I contacted our Tech Services people.  They had me try some things.  That took more time.  It didn't do anything to help with our connectivity issue, but it did get rid of the "counterfeit Windows" problem.  The two computers that still have problems, though?  "Go to this web site and fill out a report with as much detail as possible about the computers, and then go to that web site and schedule a time for you to bring the computers to us to look at."  Great, thanks for that help.

I wrote in a previous post how I'm being required to turn in my perfectly good desktop computer for a laptop I don't want.  BTW, these laptops don't have a CD drive, don't have an ethernet port, and don't have a number pad.  Anyway, I read the 2 pages of instructions about how to back up all the data on my computer so I can take it to Tech Services and trade it in for the unwanted laptop--but the instructions weren't accurate.  And I followed the simplest backup instructions, backing up to a flash drive!  The "users" folder, which should hold all my files no matter where I stored them on the computer, was not where they said it was.  An email exchange allowed me to get to that folder, but moving it to my flash drive resulted in only 4 files being transferred.  "Is your flash drive big enough?"  Yes, it's a 16GB flash drive and I was only trying to move 1GB of data.  "Try moving the sub-folders individually instead of all at once."  This email exchange wasn't doing much for my blood pressure.  And why wasn't the instruction sheet right in the first place?

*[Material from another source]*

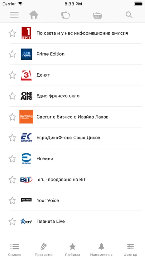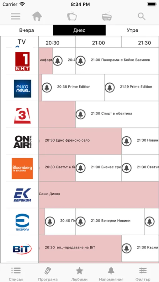 Приложение за гледане на телевизия и слушане на радио, възможност за гледане на предишни предавания, програма на телевизиите, напоняния за предстоящи предавания.
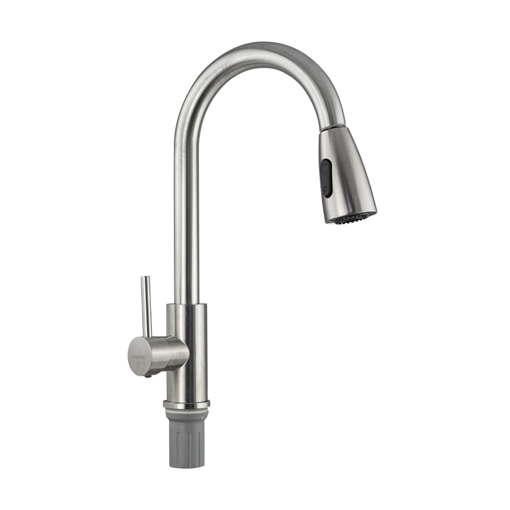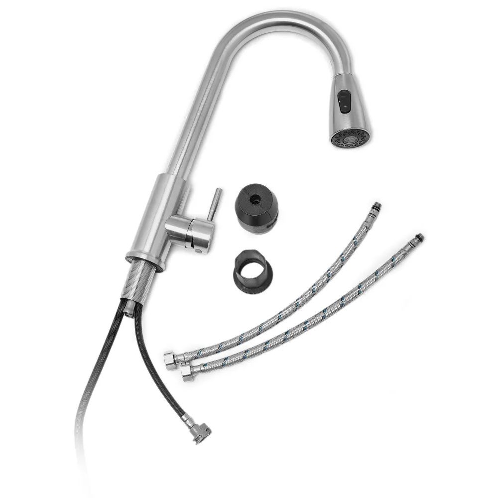 Смеситель для кухонной мойки и раковин, вытяжной излив - лейка с переключением режимов подачи воды, литой матовый корпус, из нержавеющей стали марки SUS 304, шаровый. Крепление резьба - гайка, картридж d = 35 мм, ручка шток. Аэратор для экономии воды. Такая модель может использоваться на домашней кухне, на даче, в медицинских учреждениях и общественных местах. Габаритные размеры: высота мм, длина мм, диаметр посадочного седла мм, длина резьбы мм, длина подводки мм, длина шланга см. Вес - кг, объём - м3. В комплекте паспорт, корпус с изливом, подводка 1/2, крепеж, набор прокладок.

I'm a teacher.  I don't ask the Tech Services people to teach probability, they shouldn't expect me to do all this computer work.  And it's not like I'm a computer illiterate, but I certainly don't have all the access and permissions and such that they do, barriers that are supposed to keep kids from looking at boobies on school computers or something.  It's just not a good use of my time to do all this computer work.  It's not my area of expertise.

Here's the bigger problem.

My district looks at money and nothing else.  It didn't cost any money to have me work on those computer problems all day.  Oh, there's certainly an opportunity cost, and I'm the one who paid it in work that didn't get done, but there was no dollar cost--I was going to get paid today no matter what I did, and so were the Tech Services people.  The inefficiency of wasting my time the way I had to today doesn't show up on anyone's spreadsheet, so to district people, there's no problem here.  And if there's no problem, there's no solution needed.

Penny wise, and pound foolish.  Just like buying laptops without ethernet ports, number pads, or CD drives, and then expecting the schools themselves to buy the needed peripherals.  But hey, the district got a good deal on the computers, right?

Ugh.  I'll close with a paraphrase of how I ended one of those email conversations today.  "I'm entirely too frustrated now.  I'll stop here and get frustrated again tomorrow."